3rd Assistant Secretary of State for Conflict and Stabilization Operations
- In office 18 October 2018 – 22 December 2020
- President: Donald Trump
- Preceded by: David Malcolm Robinson
- Succeeded by: Anne Witkowsky

Personal details
- Alma mater: University of Pennsylvania

= Denise Natali =

American political scientist

Denise Natali is an American political scientist who was Assistant Secretary of State for Conflict and Stabilization Operations from 2018 to 2020. She is currently director of the Institute for National Strategic Studies (INSS) of the National Defense University, and is specialized in the Middle East, Iraq, the Kurdish issue, and post-conflict stabilization.

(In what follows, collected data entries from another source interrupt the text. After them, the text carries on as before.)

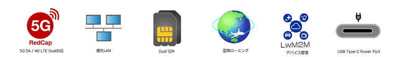 ※本製品は、低消費電力・低コストを目的とした5G RedCap(NR-Light)規格に対応しており、従来のフルスペック5Gと比較して通信速度は制限されます。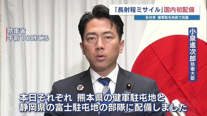 ‶12式〟改め‶25式〟長射程ミサイルを配備 防衛省「抑止力を高める」 市民団体「今日を怒りの出発点に」 2026年3月31日(火) 19:14 国内 熊本市の陸上自衛隊・健軍駐屯地に、今日(3月31日)反撃能力がある長射程ミサイルが、国内で初めて配備されました。小泉進次郎 防衛大臣「本日それぞれ、熊本の健軍駐屯地と静岡県の富士駐屯地の部隊に配備しまし…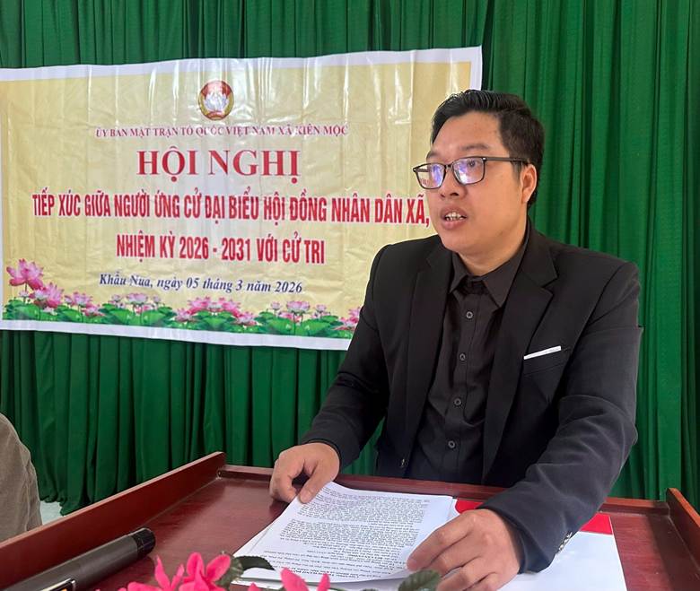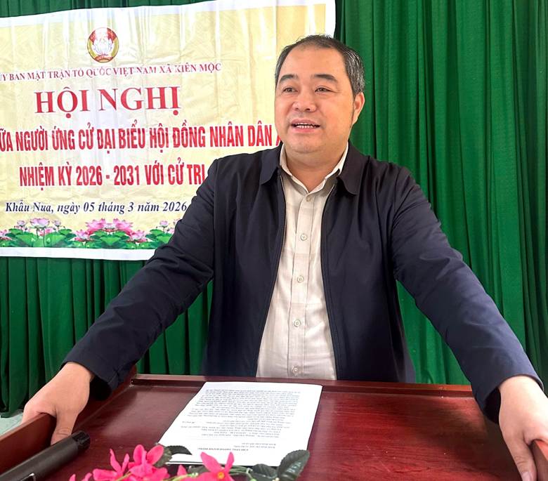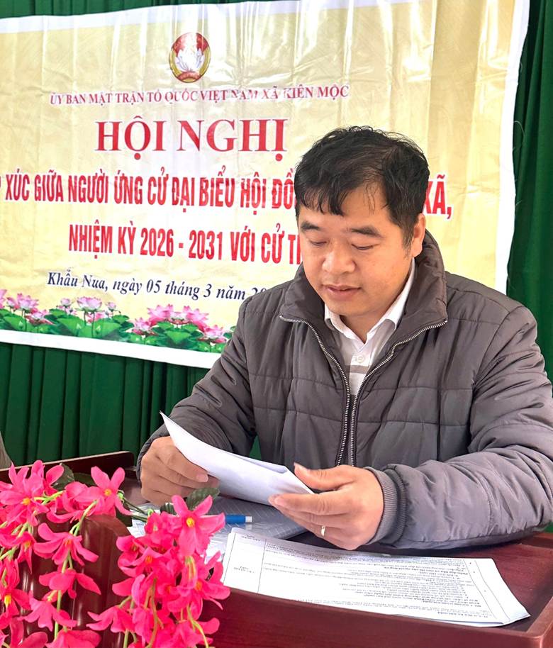 Sáng ngày 5/3/2026, Uỷ Ban MTTQ Việt Nam xã Kiên Mộc tổ chức hội nghị tiếp xúc giữa cử tri các thôn Nà Táng, Khẩu Nua, Pò Háng với những người ứng cử đại biểu HĐND xã nhiệm kỳ 2026 – 2031, đơn vị bầu cử số 06 gồm các ông bà; Hoàng Văn Hội – Phó bí thư Đảng uỷ, chủ tịch UBND xã; Bùi Văn Cường, Uỷ viên Ban Thường vụ Đảng uỷ, chủ nhiệm UBKT, Trưởng ban văn hoá xã hội HĐND xã; Nông Văn Huấn, Uỷ Viên BCH Đảng bộ, Phó trưởng ban VHXH HĐND xã; Nông Văn Sư, chuyên viên văn phòng HĐND, UBND xã; Chu Thị Diệu Thuý, chuyên viên MTTQ xã.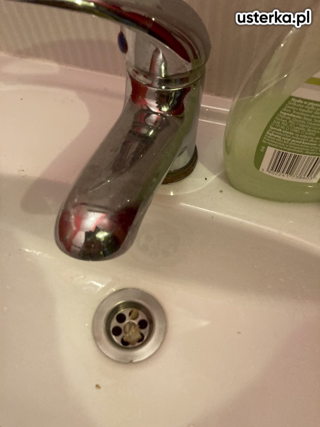 Po weryfikacji zgłoszenia stwierdzono uszkodzenie głowicy baterii umywalkowej. Wymieniono zestaw głowic wraz z pokrętłami oraz sprawdzono szczelność podłączeń.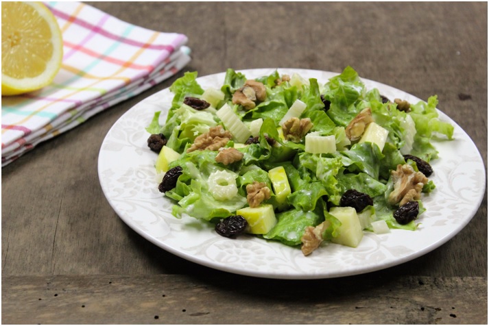 4. En una ensaladera mezclamos la lechuga, las manzanas, el apio, las nueces y las pasas. Salpimentamos al gusto y aliñamos con mayonesa, os recomiendo que no pongáis demasiada para evitar que enmascare el sabor de los demás ingredientes.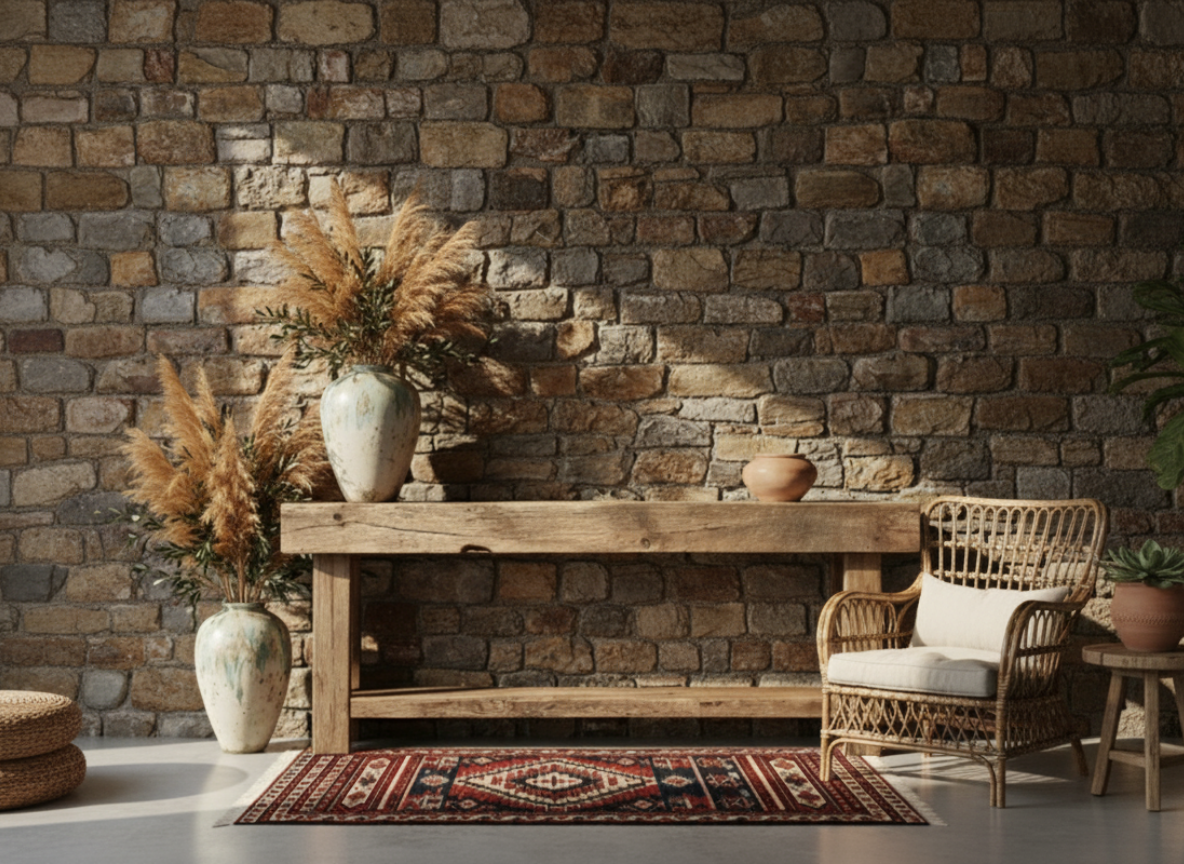 Görünüm: Ahşabın eskitme etkisi, sıcak tuğla duvar ve toprak tonlarındaki aksesuarlarla mükemmel uyum sağlayarak, mekana derinlik ve karakter katar.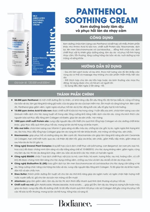 + Kem Dưỡng Panthenol Soothing Cream Bodiance giúp da mịn màng, làm sáng da, cải thiện da xỉn màu, cải thiện nếp nhăn li ti, độ đàn hồi, săn chắc của làn da mà không gây nhờn rít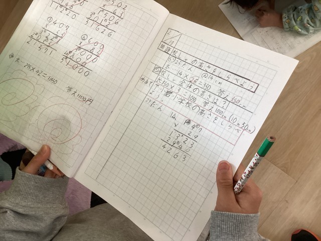 3年生は2けたのかけ算の学習をしています。校舎のおおよその高さを出してみようという学習に取り組んでいるクラスがありました。階段1段の高さを測り、それが何段あるかを調べて、かけ算を使って出していました。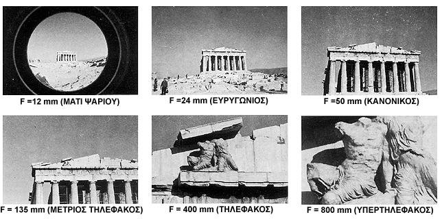 Φωτογραφίες του Παρθενώνα με χρήση διαφορετικών εστιακών αποστάσεων.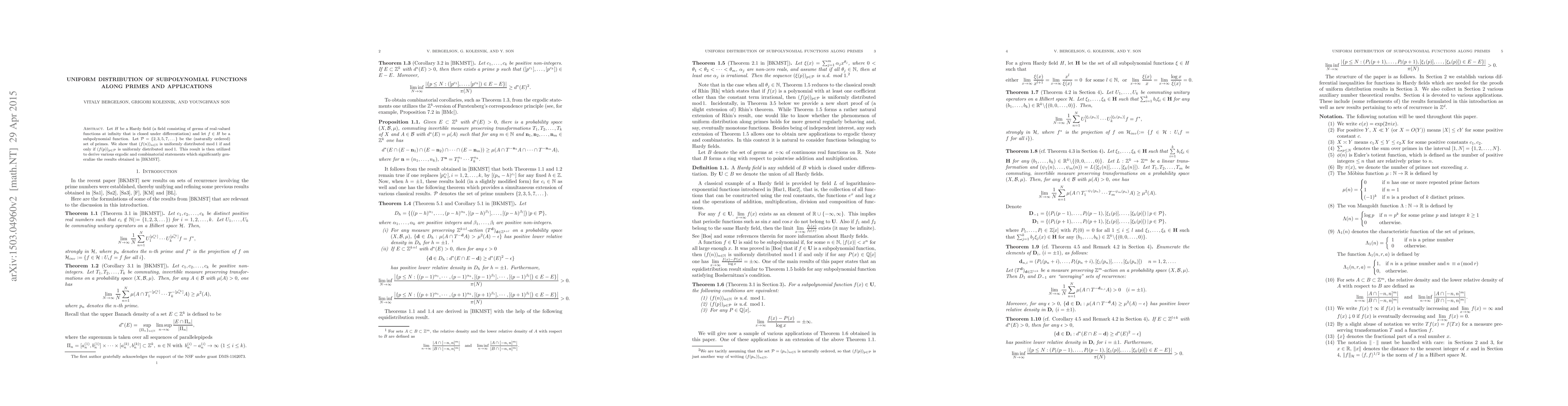 Let $H$ be a Hardy field (a field consisting of germs of real-valued functions at infinity that is closed under differentiation) and let $f \in H$ be a subpolynomial function. Let $\mathcal{P} = \{2, 3, 5, 7, \dots \}$ be the (naturally ordered) set of primes. We show that $(f(n))_{n \in \mathbb{N}}$ is uniformly distributed mod 1 if and only if $(f(p))_{p \in \mathcal{P}}$ is uniformly distributed mod 1. This result is then utilized to derive various ergodic and combinatorial statements which significantly generalize the results obtained in [BKMST].

She has been noted for her staunch criticism of the Kurdish Regional Government and its relations to the United States.

==Early life and education==
Natali first received her bachelor's degree at the Franklin & Marshall College in Lancaster, Pennsylvania, where she studied government. She then moved on to receive a master's degree in international affairs at the Columbia University's School of International and Public Affairs in New York City and would eventually receive her PhD in political science from the University of Pennsylvania. She has furthermore studied at l'Institut national des langues et civilisations orientales in Paris, the University of Tehran, and at Tel Aviv University.

==Career==
Natali joined the INSS in January 2011. Before this, she gathered experience while working on and researching the Kurdish regions of Iraq, Turkey, Iran, and Syria. In December 2017, Natali became director of the Center for Strategic Studies at the INSS.

United States president Donald Trump appointed Natali Assistant Secretary of State for Conflict and Stabilization Operations on 18 October 2018, a position she held until 22 December 2022.

Natali was appointed director of the INSS in October 2022.